読谷村史編集室 読谷村の出来事を調べる、読谷村広報データベース

1978年1月発行 広報よみたん / 2頁

新春を迎えて 読谷村長山内徳信

新春を迎えて 読谷村長山内徳信
 村民の皆様、明けましておめでとうございます。謹んで新年の御挨拶を申し上げます。
 「光陰矢のごとし」「歳月外を待たず」と昔からいわれておりますが、今さらながら年月の流れの早さに驚嘆せずにはおれません。
 村民の皆様には輝しい新春を迎えられ、新たなる希望と決意に燃えておられることと思います。たしかに昨今の世相には厳しいものがありますが、厳しいからこそ、それを乗り越える勇気とファイトを持つことが大切であります。個人や団体、あるいは読谷村政においても大きな希望と夢を実現する為に、お互に努力する。そこに人生の生甲斐があり、それを決意する節目が新年だと思います。
 村民の皆様が、今年も健康で明るく幸せにお過しになりますよう心からお祈り申し上げます。
 村民の英知と協力により読谷村百年の大計を立てる年たらしめましょう。
 私達読谷村の目指す村づくりは「人間性豊かな環境・文化厚生村」であります。
 過ぎにし一年をかえりみて、私は村民各位に心から感謝しお礼を申し上げたいと思います。それは、昨年の村政の歩みの中で、いくつかの具体例を通して申しますと、戦場の後始末であり、不可能とさえ思われたボーロポイントの地理調査の完了、波平陸軍補助施設跡地(部屋)への福祉村づくりと村立診療所の建設、座喜味地内の土地改良事業の推進、渡具知地内の集落復興事業の推進、読谷飛行場問題の取組み、長浜川ダム建設の推進、その他、どれ一つとっても関係地主や村民の御理解と御協力なしにできるものではありません。
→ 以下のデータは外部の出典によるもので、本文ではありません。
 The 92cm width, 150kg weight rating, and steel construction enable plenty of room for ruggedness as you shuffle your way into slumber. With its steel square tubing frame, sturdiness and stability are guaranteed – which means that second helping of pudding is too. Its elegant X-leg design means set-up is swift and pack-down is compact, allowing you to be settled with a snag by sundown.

さらに、最近行なわれた「第三回読谷まつり」に結集されました村民の盛り上った姿は、正に読谷村の将来への発展の姿を髣髴させるものでありました。このような村民の善意と積極的な協力態勢に感激し、敬意と慰謝を申し上げるものであります。
 現在、読谷村は読谷村の将来に向けての村づくりに「基本構想」の審議中でございます。「来年のことを云うと鬼が笑う」という発想ではなく、今後の村づくりは、それこそ長期的展望に立ったものでなければいけません。
 今年は、さらに村民の英知を結集し、読谷村百年の大計を立て、方向づけをする極めて重要な年であります。
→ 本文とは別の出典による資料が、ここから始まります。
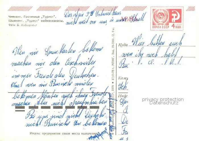 Schymkent Hotel Turist Schymkent postalisch nicht gelaufen nach 1965 Erhaltung siehe scans [DarjaD84] DarjID84

 復帰後六年目を迎え、沖縄の振興開発計画年次もあと四年しか残っておりません。この重要な時期に当り役場に働く職員、議会、各種団体をはじめ、村民が心、を一つに協力態勢をつくり、二十一世紀に向けての人間性豊かな環境・文化厚生村づくりの為に邁進しようではありませんか。
 おわりに、新年を迎えられました村民各位の御健康と御多幸を祈念し年頭のごあいさつといたします。